No duh! How big are your files? Pretty basic math.


----------



## SCraig

'Bout 25% more than you can get on a 16gb memory card.


----------



## tecboy

Keep shooting raw and jpeg files, and you will find out.


----------



## Rosy

tecboy said:


> Keep shooting raw and jpeg files, and you will find out.

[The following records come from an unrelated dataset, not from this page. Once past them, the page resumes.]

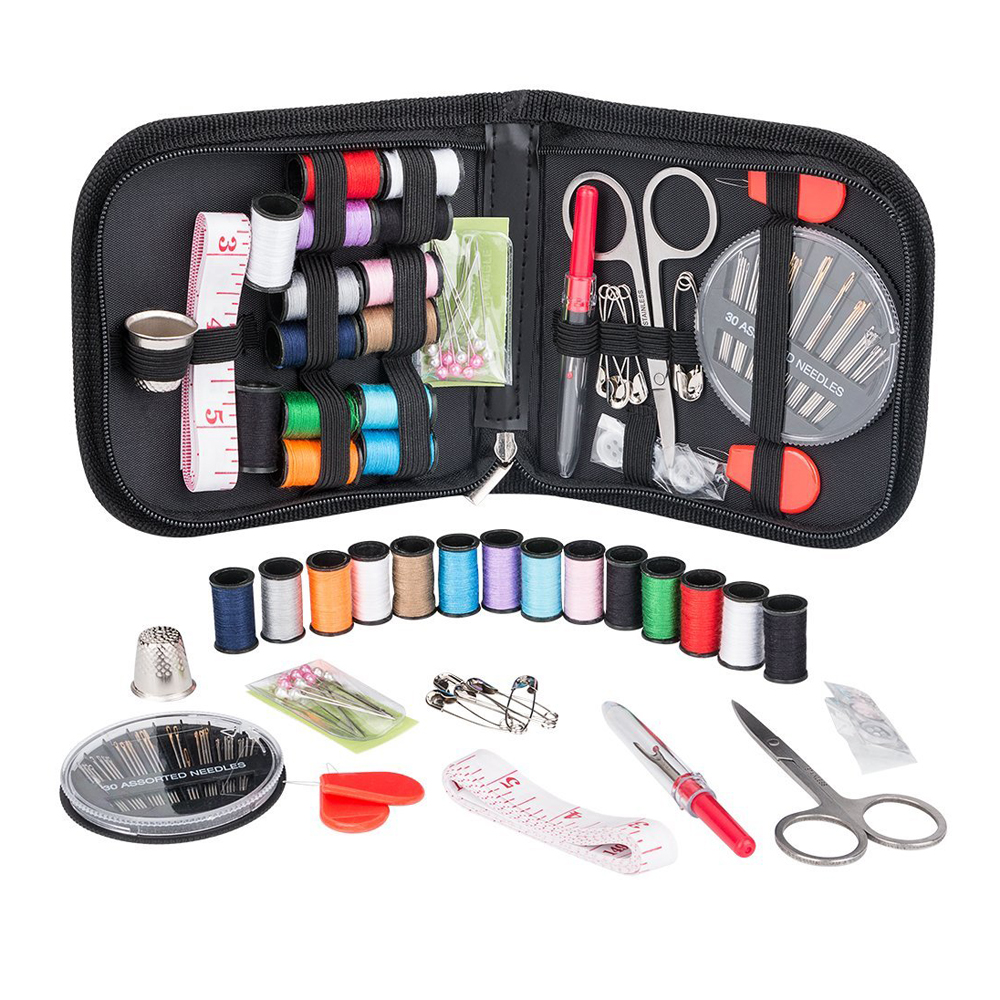 The kit contains all the necessary tools that are required for performing basic repairs - be it a scissor, threads (12 colors), assortment of sewing needles, shirt buttons, seam ripper, thimble, needle threader tools (two) and a foldable tape. Items won't fall out when you open the case, needles in separate closed box for safety, and other items securely tucked in place with attractive black elastic bands. Compact design making it convenient to carry in style anywhere you travel. Your LOGO or artwork can be imprinted on it.
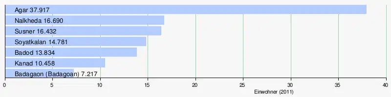 | *) Zahlen beziehen sich auf die Tehsils Agar, Badod, Nalkheda und Susner, damals noch Teil des Distrikts Shajapur. | |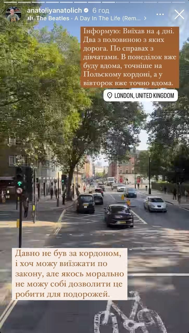 Анатолий Анатолич в Лондоне / Фото из инстаграм-сториз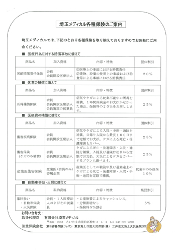 有限会社埼玉メディカルは、埼玉県医師会会員の先生方向けに各種損害保険・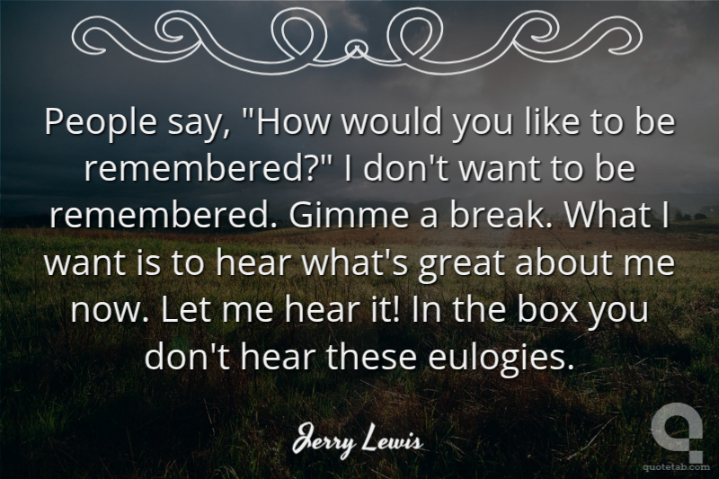 People say, "How would you like to be remembered?" I don't want to be remembered. Gimme a break. What I want is to hear what's great about me now. Let me hear it! In the box you don't hear these eulogies.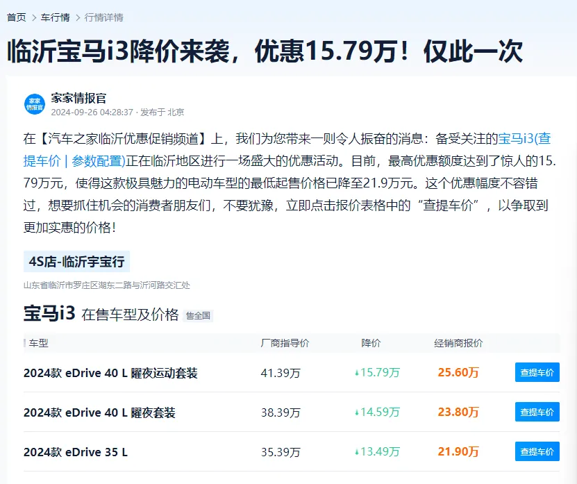 最近,在宣佈漲價三個月後又被曝出重回“價格戰”的寶馬,其電動車終端優惠力度空前,包括iX1、i3、iX3、i7等,降幅在10萬元至30萬元不等。以寶馬i3為例,其終端優惠幅度已經超過了15萬元,這意味着它在部分市場的實際裸車價已經來到了真正的20萬級,放在國內自主純電動車市場,相當於一台吉利生產的極氪007。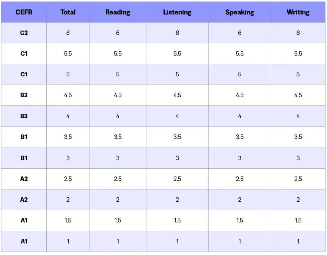 新托福与CEFR等级对照表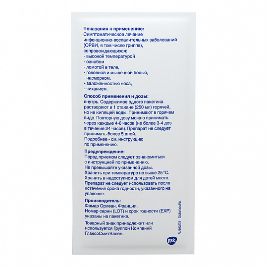 Симптоматическое лечение инфекционно-воспалительных заболеваний (ОРВИ, в т.ч. гриппа), сопровождающихся высокой температурой, ознобом, ломотой в теле, головной и мышечной болью, насморком, заложенностью носа, чиханьем.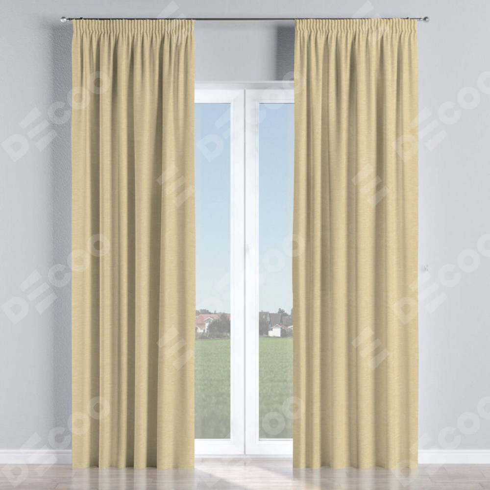 Комплект прямых штор, от производителя «Cortin», пошиты из ткани софт однотонный светло-бежевый, артикул ткани 54426. С изнаночной стороны в верхней части штор пристрачивается шторная лента с декоративными складками «Карандаш». Для создания элегантных складок прямые шторы шьются по стандарту с коэффициентом 1:2 (на 100 см. ширины проёма 200 см. ширины ткани).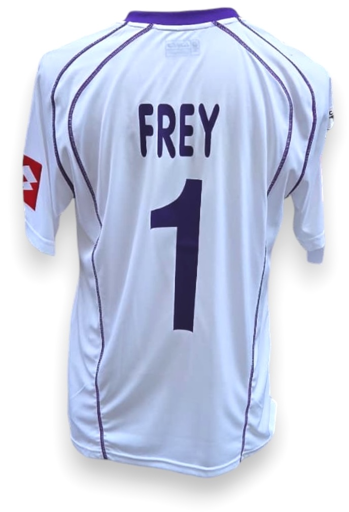 Maglia Fiorentina versione Portiere player issued con personalizzazione Frey 1, modello ufficiale Lotto. Il colore è prevalentemente bianco con dettagli viola a contrasto. Sulla manica è presente la patch Serie A TIM.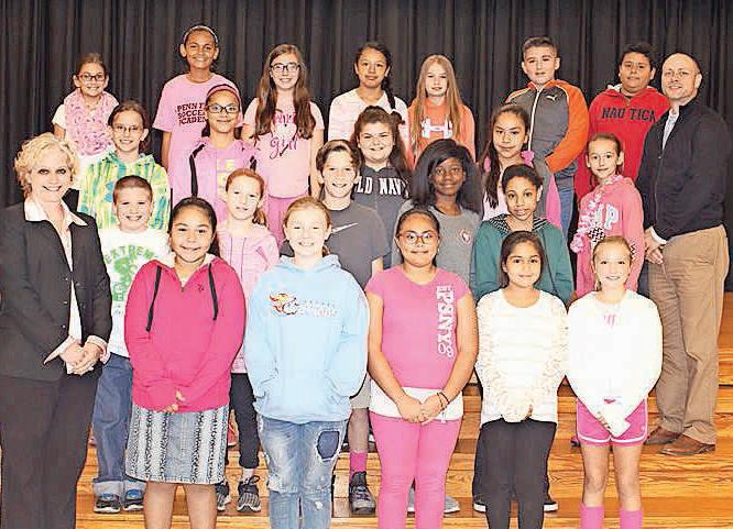 from left are Hopewell Elementary School Earlyact Club 2016 inductees Jake Ross, president; Madeline Soule, vice-president; Brianna Santos, treasurer; Ella Koechert, secretary and Sophia Lentz, historian; 2015 inductee Elizabeth Evans-Ralston, Parliamentarian; and Oxford Rotary Club President Tracie Eller. Second row from left are 2016 sixth grade inductees Brooke Brower, Bailey Charlton, Riley Fitzgerald, Guadalupe Juarez, Makenzie Lane, Aiden Merges, Ben Parry, Kara Phelan, Briana Pollock and Emma Zaleski. Top row from left are Assistant Principal Jason Soule, Oxford Rotary Earlyact liaison Dr. Raymond Fischer, 2016 fifth grade inductees Julia Carey, Avani Doshi, Sophia Schaefer, Tara Todd and Diana Valdes; Principal Dr. Nicole Addis and Earlyact advisor Dr. Pamela Brown. Not pictured are fifth grade inductees Amelia Donahue and Erik Tellez; and sixth grade inductees Brandee Levinsky and Giselle Sanchez-Alba.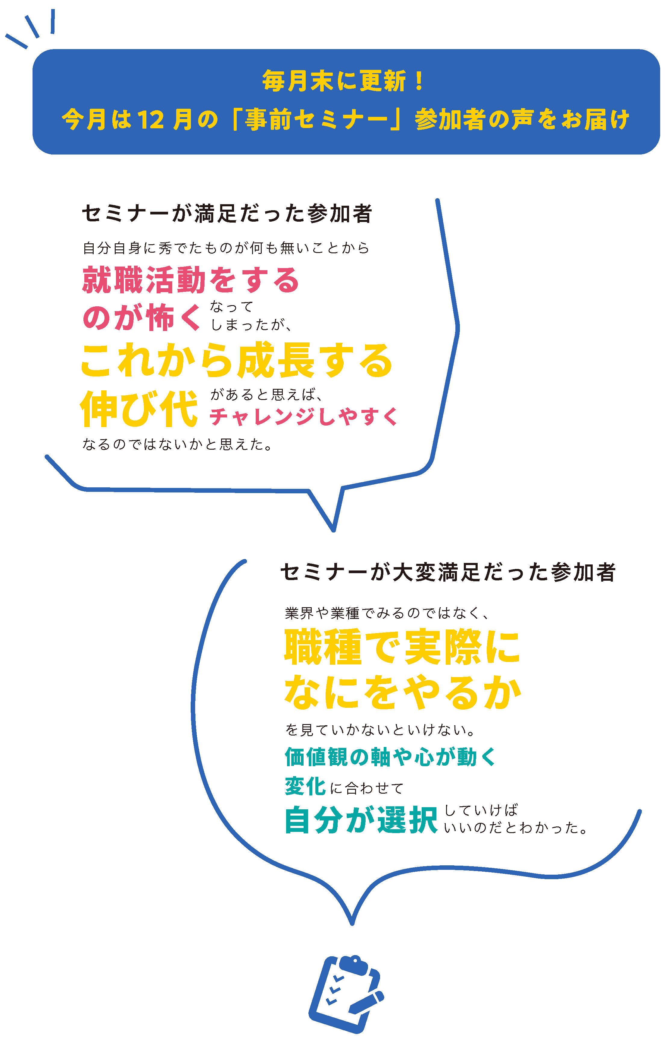 ※説明会・セミナー等は、災害等やむを得ない事情によって、中止や延期になることがあります。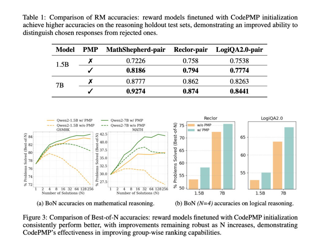 CodePMP demonstrated significant improvements in reasoning performance across mathematical and logical reasoning tasks. Models pre-trained with CodePMP consistently outperformed those without it in both RM accuracy and Best-of-N performance. These improvements were seen across both 1.5B and 7B model sizes. For example, in mathematical reasoning tasks, the model achieved substantially higher accuracy, and in logical reasoning tasks, it displayed enhanced ability to differentiate between correct and incorrect reasoning steps. The results highlight the effectiveness of CodePMP in boosting RM fine-tuning efficiency, resulting in better generalization and performance across diverse reasoning domains.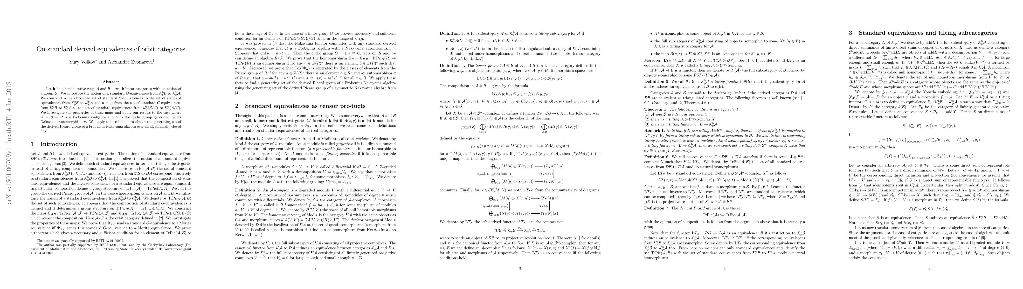 Let $\kk$ be a commutative ring, $\AAA$ and $\BB$ -- two $\kk$-linear categories with an action of a group $G$. We introduce the notion of a standard $G$-equivalence from $\Kb\BB$ to $\Kb\AAA$. We construct a map from the set of standard $G$-equivalences to the set of standard equivalences from $\Kb\BB$ to $\Kb\AAA$ and a map from the set of standard $G$-equivalences from $\Kb\BB$ to $\Kb\AAA$ to the set of standard equivalences from $\Kb(\BB/G)$ to $\Kb(\AAA/G)$. We investigate the properties of these maps and apply our results to the case where $\AAA=\BB=R$ is a Frobenius $\kk$-algebra and $G$ is the cyclic group generated by its Nakayama automorphism $\nu$. We apply this technique to obtain the generating set of the derived Picard group of a Frobenius Nakayama algebra over an algebraically closed field.

KMH's response was adequate..yours was unnecessary


----------



## SCraig

Rosy said:


> tecboy said:
> 
> 
> 
> Keep shooting raw and jpeg files, and you will find out.
> 
> 
> 
> 
> KMH's response was adequate..yours was unnecessary
Click to expand...


If the OP happens to have a 16gb memory card lying around then his post takes on a new meaning, huh?


----------



## Rosy

SCraig said:


> If the OP happens to have a 16gb memory card lying around then his post takes on a new meaning, huh?



True


----------



## runnah

spanishgirleyes said:


> Hi everyone I tried googling but could not find the answer to my question which is: How many large raw and jpeg files can fit on a 20 gb storage site?  I am thinking of Nikon Image Space as well as other sites.




1,000 gb in a tb
1,000 mb in a gb
1,000 in in a mb

So 20 gb is 20,000 mb. So figure 40,000 5mb Jpegs.


----------



## Trainwizard

RAW files on my Nikon D5100 are about 25MB each. That means about 800 of my RAW files will fill 20GB of storage.
 3846 "fine" compressed JPEGs from my camera, at 5MB apiece, will fill 20GB. 
17,000 "basic" compressed JPEGs=20GB.

The largest RAW files from the 36 megapixel Nikon D800 are about 70+MB PER FILE! You can only put about 250-300 RAW files from the Nikon D800 in 20GB of storage.


----------



## Derrel

One of the trickiest things about JPEG images is that the subject matter has a HUGE impact on how much storage space is needed to convey the data in a high-fidelity manner. An in-camera shot of a blooming cherry tree from my camera took 13.8 megabytes in Large-size, JPEG-fine compression; the same camera settings, but taking a picture of the lunch menu at the cafe on the blackboard, written in colored chalks, was 5.7 megabytes.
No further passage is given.